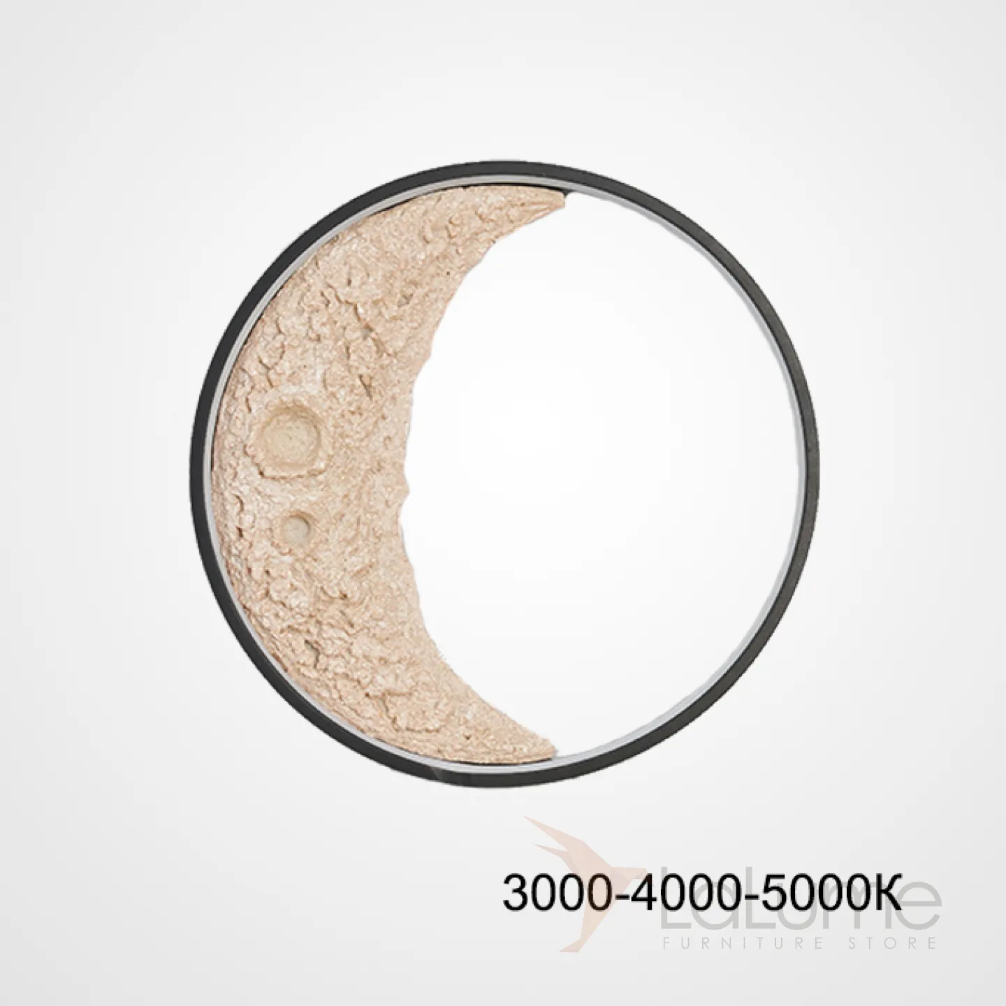Настенный светодиодный светильник на кольцевом каркасе в виде убывающего месяца с рельефной поверхностью COSMOS WANING Луна D40 Трехцветный свет
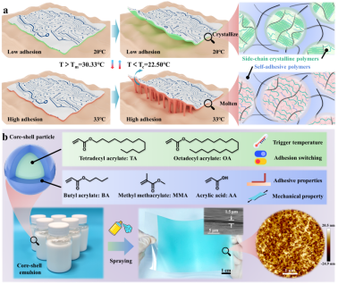 对此,我中心郑严博士/陈双俊教授团队与南京大学周东山教授合作设计了一种可涂覆的热触发可切换粘合剂,它在皮肤温度(如33°C)下具有68.8 N/m的高粘合力,在轻微冷却(如20°C)后,粘合力降至6.59 N/m,从而实现10.4的高切换比。切换时间小于1 min。这种独特的性能是通过构建核壳粒子的策略,将侧链结晶聚合物和自粘性聚合物结合在一起而实现的。热分析、流变学和固体核磁共振的结果表明,材料内部快速、可逆的结晶-熔化转变是粘附切换的关键。通过使用喷涂技术将该材料沉积在柔性电极上,该团队获得了一种超薄(<5 μm)、可按需剥离的表皮电极,证明了乳液材料在制备穿戴舒适的表皮电子器件方面的优势。论文第一作者为陈双俊教授团队的郑严博士,论文题目为“Skin Temperature-Triggered Switchable Adhesive Coatings for Wearing Comfortable Epidermal Electronics”,发表于期刊《Chemical Engineering Journal》,此外,南京大学化学化工学院王晓亮教授为该论文的共同通讯作者。
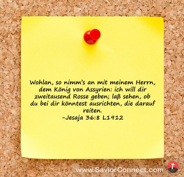Wohlan, so nimm's an mit meinem Herrn, dem König von Assyrien: ich will dir zweitausend Rosse geben; laß sehen, ob du bei dir könntest ausrichten, die darauf reiten. -Jesaja 36:8 L1912
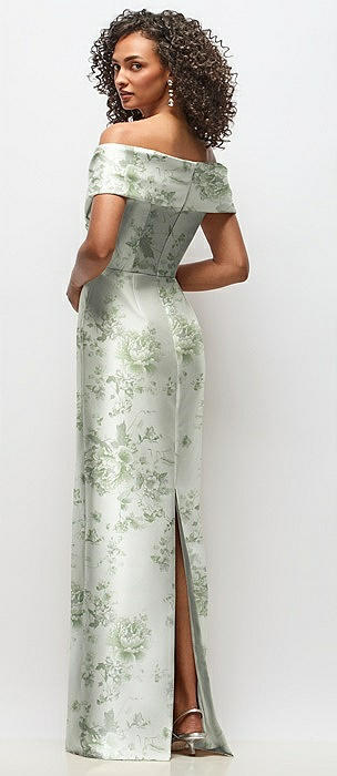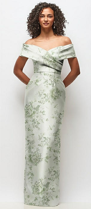 Draped Wrap Off-the-Shoulder Satin Column Maxi Dress in sage cottage rose
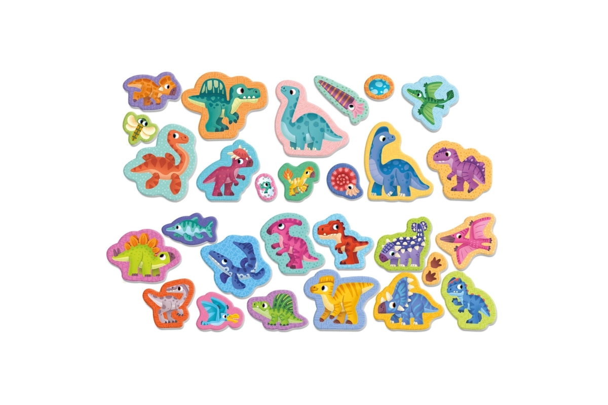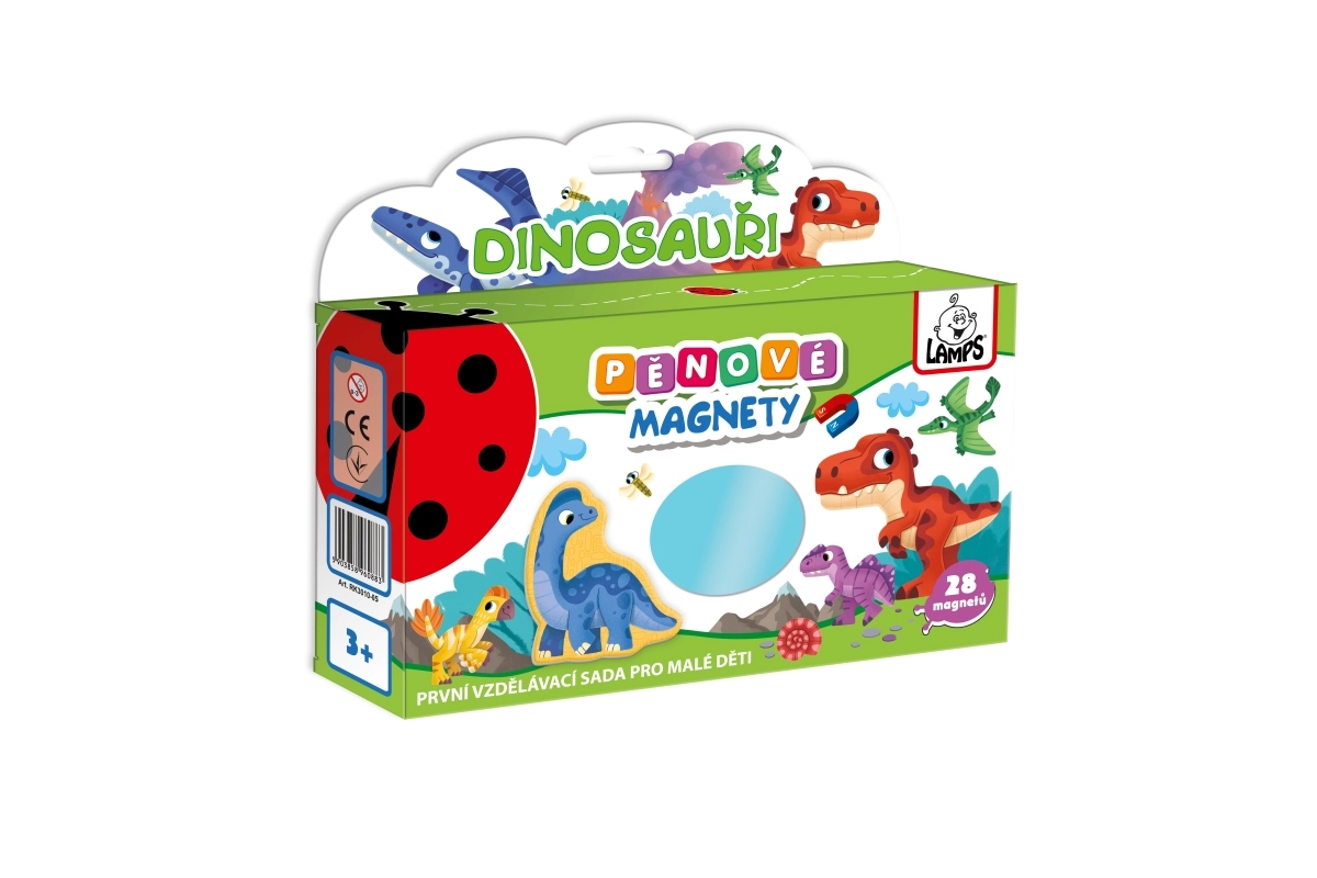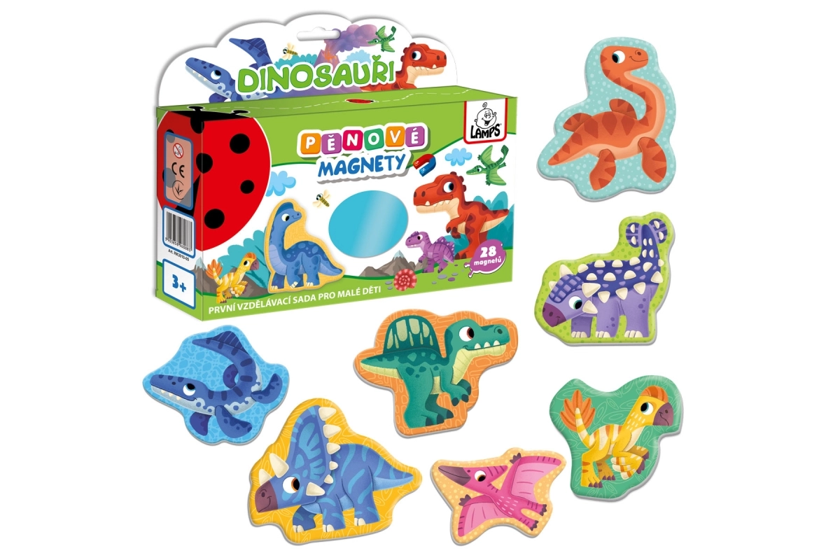 V pakiranju najdete 28 podrobno izdelanih magnetov s priljubljenimi dinozavri. Zaradi 4 mm debeline jih otroci zlahka primejo, zlagajo in prestavljajo. Peneast material je lahek in prijeten na dotik, primeren za vsakodnevno igro doma in v vrtcu.
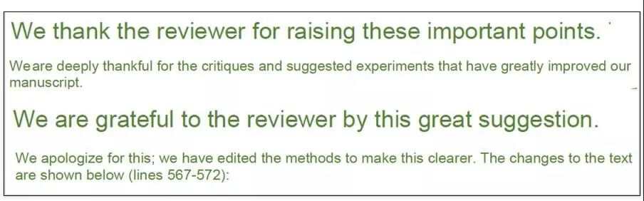 回复审稿意见时,尽可能内容表达清晰。不要出现:审稿人为找到修改的内容,不得不再次阅读手稿的情况。
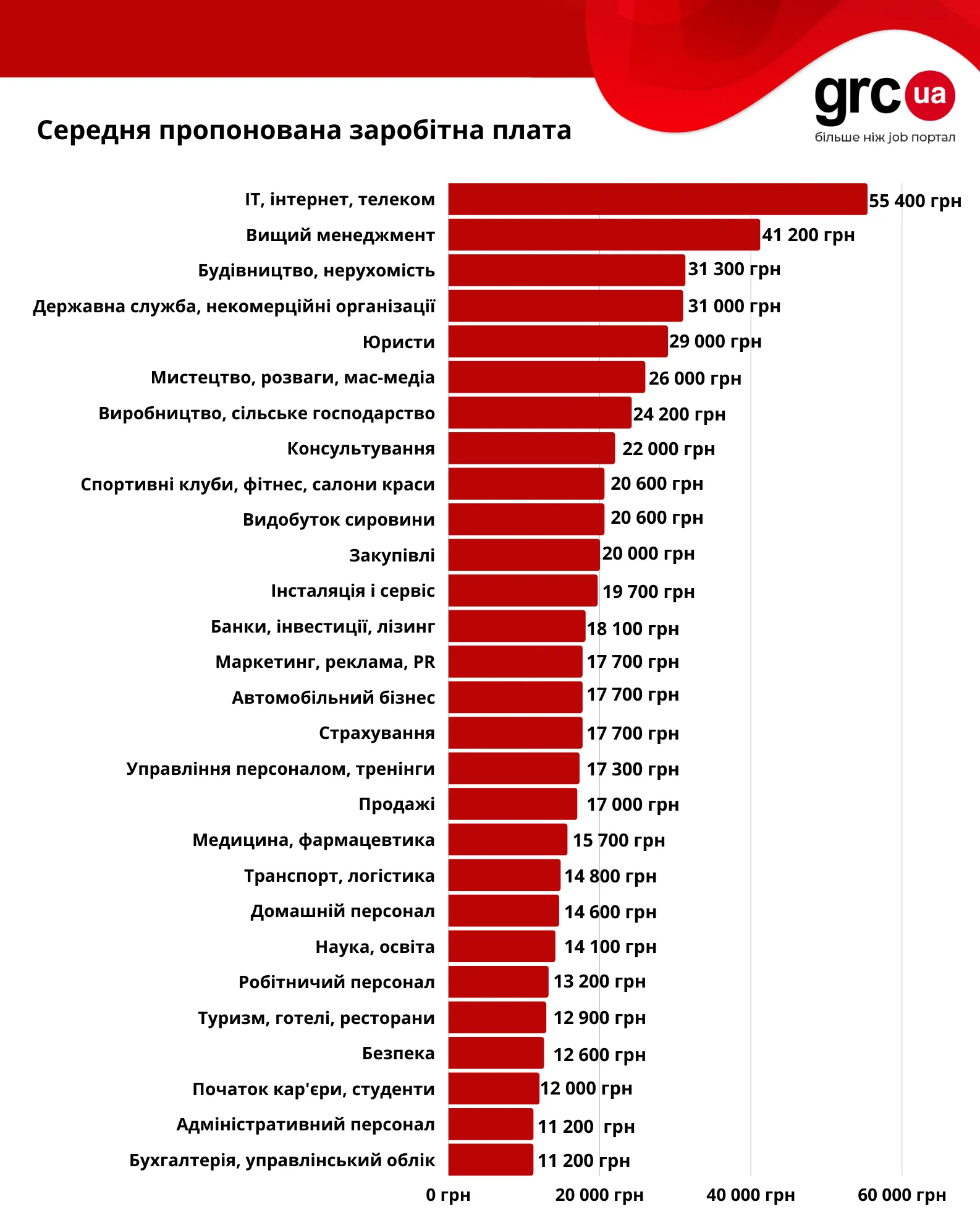 - IT-фахівці – понад 55 тисяч гривень;

·····

» **PROBLEM TO WORK ON**: Line by line, write out the entries exactly, and leave the pictures out.

» **ANSWER SPACE**:
Настенный светодиодный светильник на кольцевом каркасе в виде убывающего месяца с рельефной поверхностью COSMOS WANING Луна D40 Трехцветный свет
 对此,我中心郑严博士/陈双俊教授团队与南京大学周东山教授合作设计了一种可涂覆的热触发可切换粘合剂,它在皮肤温度(如33°C)下具有68.8 N/m的高粘合力,在轻微冷却(如20°C)后,粘合力降至6.59 N/m,从而实现10.4的高切换比。切换时间小于1 min。这种独特的性能是通过构建核壳粒子的策略,将侧链结晶聚合物和自粘性聚合物结合在一起而实现的。热分析、流变学和固体核磁共振的结果表明,材料内部快速、可逆的结晶-熔化转变是粘附切换的关键。通过使用喷涂技术将该材料沉积在柔性电极上,该团队获得了一种超薄(<5 μm)、可按需剥离的表皮电极,证明了乳液材料在制备穿戴舒适的表皮电子器件方面的优势。论文第一作者为陈双俊教授团队的郑严博士,论文题目为“Skin Temperature-Triggered Switchable Adhesive Coatings for Wearing Comfortable Epidermal Electronics”,发表于期刊《Chemical Engineering Journal》,此外,南京大学化学化工学院王晓亮教授为该论文的共同通讯作者。
Wohlan, so nimm's an mit meinem Herrn, dem König von Assyrien: ich will dir zweitausend Rosse geben; laß sehen, ob du bei dir könntest ausrichten, die darauf reiten. -Jesaja 36:8 L1912
 Draped Wrap Off-the-Shoulder Satin Column Maxi Dress in sage cottage rose
 V pakiranju najdete 28 podrobno izdelanih magnetov s priljubljenimi dinozavri. Zaradi 4 mm debeline jih otroci zlahka primejo, zlagajo in prestavljajo. Peneast material je lahek in prijeten na dotik, primeren za vsakodnevno igro doma in v vrtcu.
 回复审稿意见时,尽可能内容表达清晰。不要出现:审稿人为找到修改的内容,不得不再次阅读手稿的情况。
 - IT-фахівці – понад 55 тисяч гривень;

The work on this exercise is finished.